Marrakech, gara 1: Campana col brivido

Claudio Pilia

Sergio Campana ha capitalizzato la pole position, siglata questo pomeriggio in qualifica, nel migliore dei modi, con una perentoria vittoria sul circuito di Marrakech. Il pilota di Reggio Emilia ha dominato la gara in lungo e in largo, partendo bene allo spegnimento dei semafori e guadagnando un buon margine giro dopo giro. Una vittoria netta e decisa che, però, ha rischiato di finire male. Nel finale, la rottura di un tubo di scarico ha danneggiato il radiatore, causando una perdita d’olio manifestatasi con una lunga fumata dalla bancata destra. Sotto la bandiera a scacchi, il sospiro di sollievo è giunto per appena 1 secondo e 6 decimi su Daniel De Jong.
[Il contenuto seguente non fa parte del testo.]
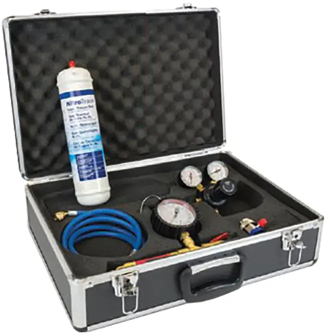 – Inclui: regulador de pressão de 300bar entrada, 10bar de saída, mangueira de 90cm, manómetro de pressão de N2, botija de gás Nitrotracer, ligação rápida
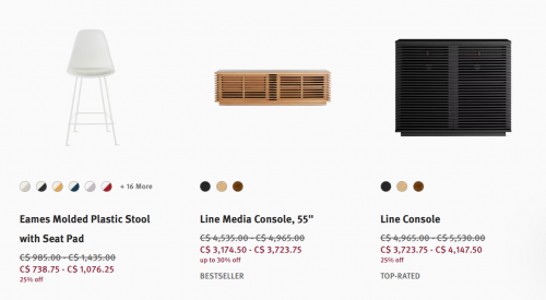 Save 25% on everything at Herman Miller Canada during their Black Friday Sale. You can also get free delivery on orders that are $1500 or more when you use the promo code FREESHIPPING. There are also sale items that are up to 40% off, and Nelson lighting is currently 30% off. Here are some of the markdowns up to 40% off:

La gara del pilota di casa MP, impegnato quest’anno anche in GP2, non è però stata più facile di quella di Campana: l’olandese è stato infatti costretto a cambiare compound di gomme prima del via, passando dalle soft alle supersoft, dopo aver riscontrato una foratura causata da una determinante... graffetta da ufficio! Tra i sicuri protagonisti, quest’oggi, c’è stato sicuramente Kimiya Sato. Il vincitore di gara 2 a Monza, scattato dalla sesta posizione in griglia, ha dato battaglia per tutti i 19 giri, rischiando anche di finire la sua corsa contro i muretti all’ultima chicane, salendo fino al terzo gradino del podio. Per lui, si allunga un’importante striscia positiva: è il terzo podio in tre gare finora disputate!

Podio però a rischio perché Sato ha effettuato il pit-stop all'ultima tornata, cosa non proprio prevista dal regolamento e il giapponese è stato penalizzato. Il team ha quindi interposto appello e la classifica non è cambiata divenendo sub-judice. Molto bene anche l’altro pilota MP, Riccardo Agostini: autore di una leggera toccata sulle protezioni, col posteriore della sua Lola e rientrato ai box al 7mo giro, il padovano si è rimboccato le maniche, risalendo la classifica e finendo, al traguardo, davanti al connazionale Antonio Spavone.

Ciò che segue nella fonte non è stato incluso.